Search code examples
pythonregexstring-parsing

Python regex doesn't find certain pattern


I am trying to parse latex code from html code which looks like this:

string = " your answer is wrong! Solution: based on \((\vec{n_E},\vec{g})= 0 \) and \(d(g,E)=0\) beeing ... "

I want to replace all latex code with the output of a function that takes the latex code as an argument (Since there is a problem with finding the correct pattern, the function extract returns an empty string for the moment).

I tried:

latex_end = "\)"
latex_start = "\("    
string = re.sub(r'{}.*?{}'.format(latex_start, latex_end), extract, string)

Result:

your answer is wrong! Solution: based on \= 0 \) and \=0\) beeing ...

Expected:

your answer is wrong! Solution: based on and beeing ...

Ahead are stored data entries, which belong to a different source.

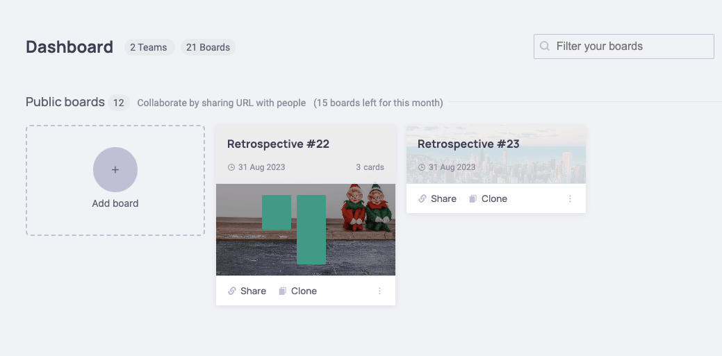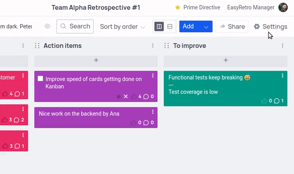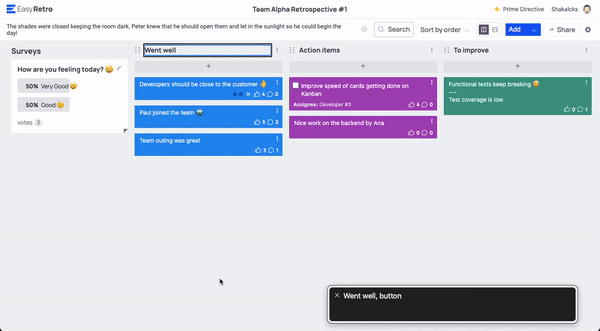When you clone the content of a board, you will now have the added benefit of cloning its surveys as well. This improvement makes it much easier to kick-start your next retro without having to recreate the surveys from scratch.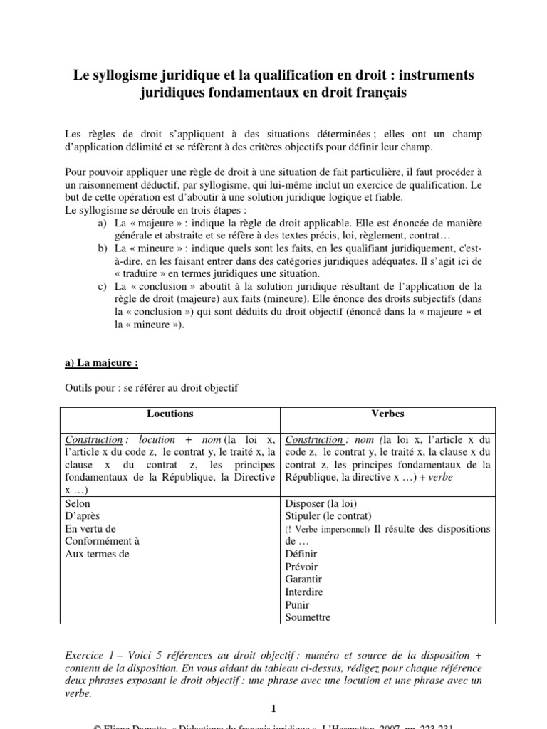 Exemple de syllogisme dans un cas pratique de droit des La première raison est que le syllogisme juridique sert à résoudre les cas pratiques sur lesquels vous. Outil pour tester ou créer des syllogismes. Lors d'un contentieux, cette méthode vous permet de définir rapidement l'issue juridique d'une situation donnée.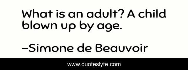 This page presents the quote "What is an adult? A child blown up by age.". Author of this quote is Simone de Beauvoir. This quote is about child, up, adult,.

Any idea why it does not find the pattern? Is there a way to implement it?


Solution

  • You should use a raw string for your definition of string since \v is being interpreted as a special character.

    import re
    
    string = r" your answer is wrong! Solution: based on \((\vec{n_E},\vec{g})= 0 \) and \(d(g,E)=0\) beeing ... "
    
    
    string = re.sub(r'\\\(.*?\\\)', '', string))
    print(string)
    

    Prints:

     your answer is wrong! Solution: based on  and  beeing ...
    

    If you need to have variables for the start and end:

    latex_end = r"\\\)"
    latex_start = r"\\\("    
    string = re.sub(r'{}.*?{}'.format(latex_start, latex_end), '', string)
    print(string)